Offene Immobilienfonds sind oftmals risikoreicher, als die Anbieter*innen glauben machen wollen. Das zeigt ein Gutachten in Auftrag von Finanzwende. Denn Immobilieninvestments bergen Risiken, die auch für die Fonds gelten.

Eine Analyse der zehn größten offenen Fonds offenbart: Ihre Wertentwicklung ist von den Entwicklungen an den Immobilienmärkten teils komplett entkoppelt. Damit liegt der Verdacht nahe, dass die Fondswerte schöngerechnet wurden. Die Folge sind stabil wirkende Kursverläufe der Fonds, was quasi automatisch zu niedrigen Risikoeinstufungen der Produkte führt.
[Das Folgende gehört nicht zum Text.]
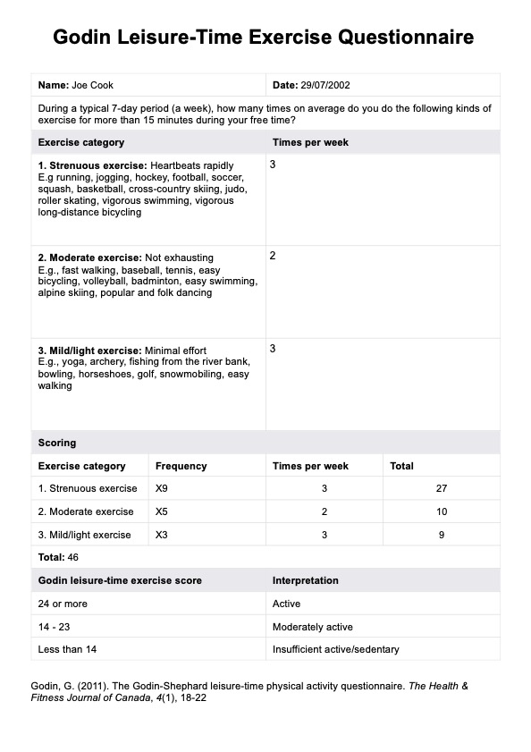 Click here to learn more about the Godin Leisure-Time Exercise Questionnaire and how to use it.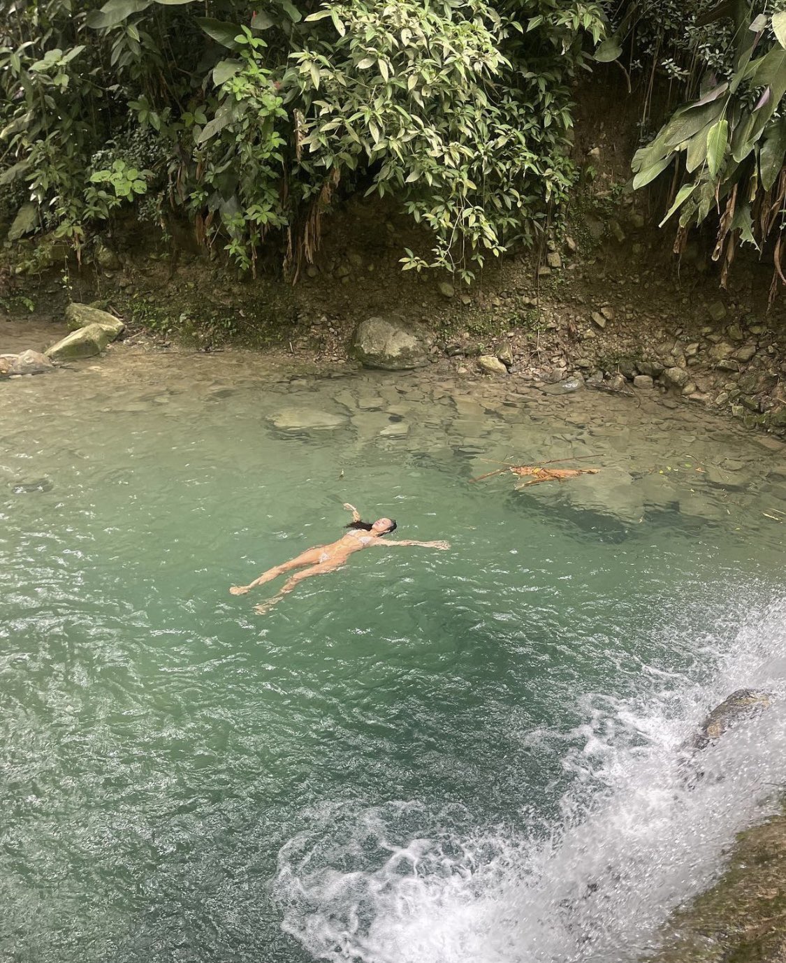 最新のインスタグラムでは葉っぱの絵文字をつづり、写真4枚を投稿しました。かなり小さめのビキニで、肌の大部分があらわになっています。こんがりと焼けた小麦色の肌がとても美しいですね。エメラルドグリーンの川で泳ぐ姿もかなり気持ちよさそうです。
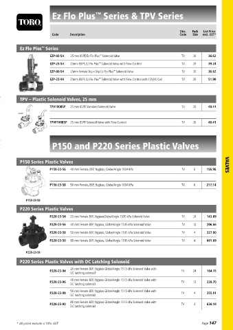 • 1200 kPa rated P150 Series Plastic Valves Disc. Pack List Price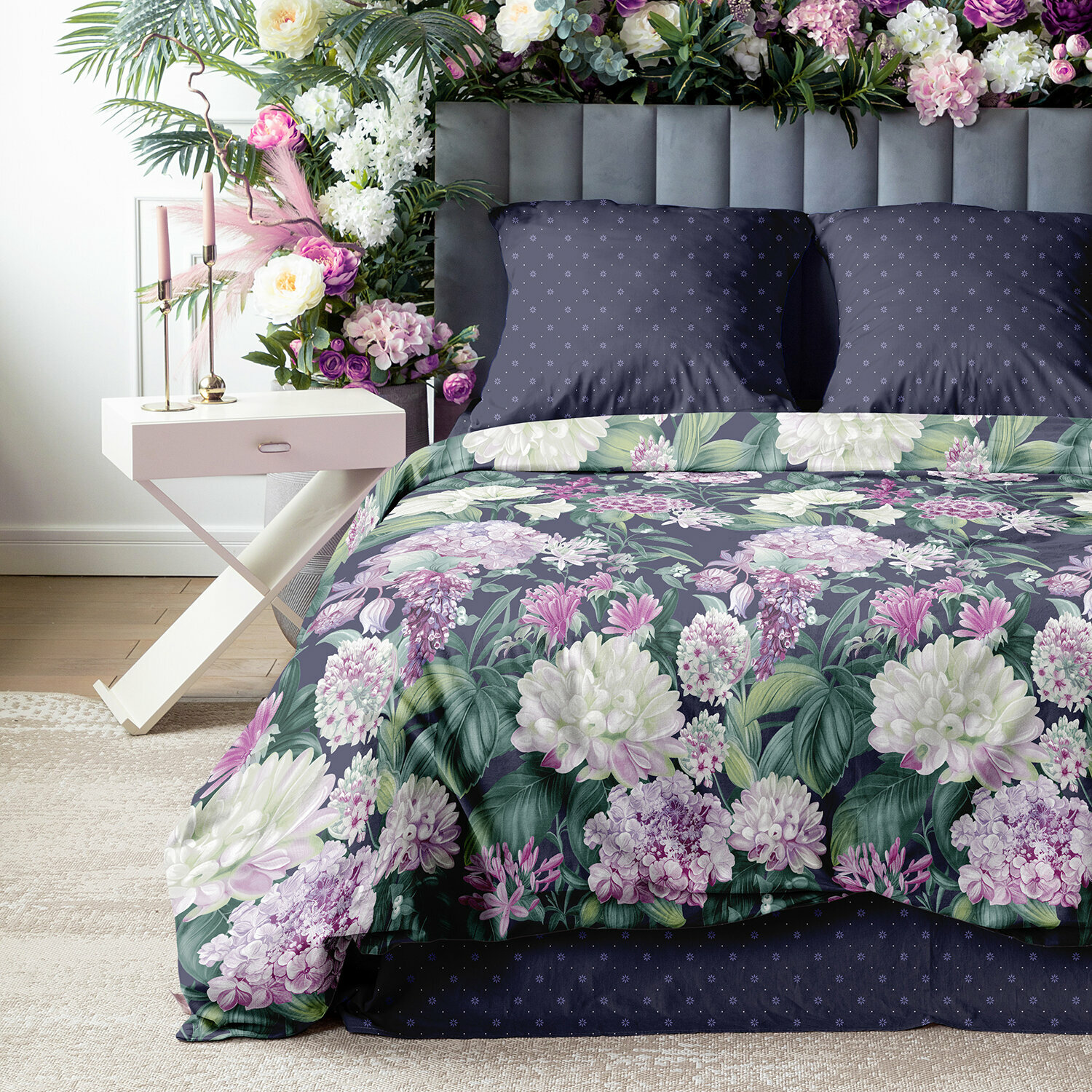 Постельное белье семейное Mia Cara, Перкаль, нав. 70х70, Таинственный сад, темно-фиолетовый

Niedrige oder sehr niedrige Risikokennziffern in den Verkaufsunterlagen sind für die Vertriebsleute ein starkes Verkaufsargument. Doch auf die Kennziffern ist kein Verlass, wie das folgende Beispiel zeigt.

Beispiel UniImmo: Wohnen ZBI. Volksbanken empfahlen diesen Fonds konservativen Anleger*innen, die „größten Wert auf den Erhalt des investierten Kapitals“ legten. Laut damaligen Verkaufsinformationen war das Risiko „niedrig“.  Doch im Sommer 2024 wertete der Fonds schlagartig ab, Anlegergelder im Wert von 800 Millionen Euro verpufften. Für risikoscheue Anleger*innen war der Verlust mindestens überraschend, wenn nicht fatal.  

Das war aber nicht der einzige Schaden, den Anleger*innen erlitten. Zum Teil kauften sie Fondsanteile auch viel zu teuer ein. Im untersuchten Zeitraum kauften sie über Anbieter*innen Anteile im Wert von 11,4 Milliarden Euro – obwohl die Produkte an den Börsen durchgängig günstiger waren. Die Kundschaft, insbesondere von Volksbanken und Sparkassen, hätte sich mehr als eine Milliarde Euro sparen können

Zusätzlich sind die Kosten vieler offener Immobilienfonds derart hoch, dass für Kund*innen kaum etwas übrigbleibt. Im Schnitt der untersuchten Fonds flossen stolze 77 Prozent der erwarteten Rendite gleich in die Kosten, ergab das Finanzwende-Gutachten. Wegen hoher Fixkosten führen selbst kleine Renditeeinbußen sogar schnell dazu, dass die Anleger*innen gar nichts mehr erhalten.


Unterm Strich: Tipps und Tricks

Verbraucherproblem: Banken und Sparkassen verkaufen sicherheitsbedachten Kund*innen gerne offene Immobilienfonds. Die Produkte sind allerdings oft riskanter, als die Anbieter*innen glauben machen wollen. Kund*innen sollten Risiken genau ausloten.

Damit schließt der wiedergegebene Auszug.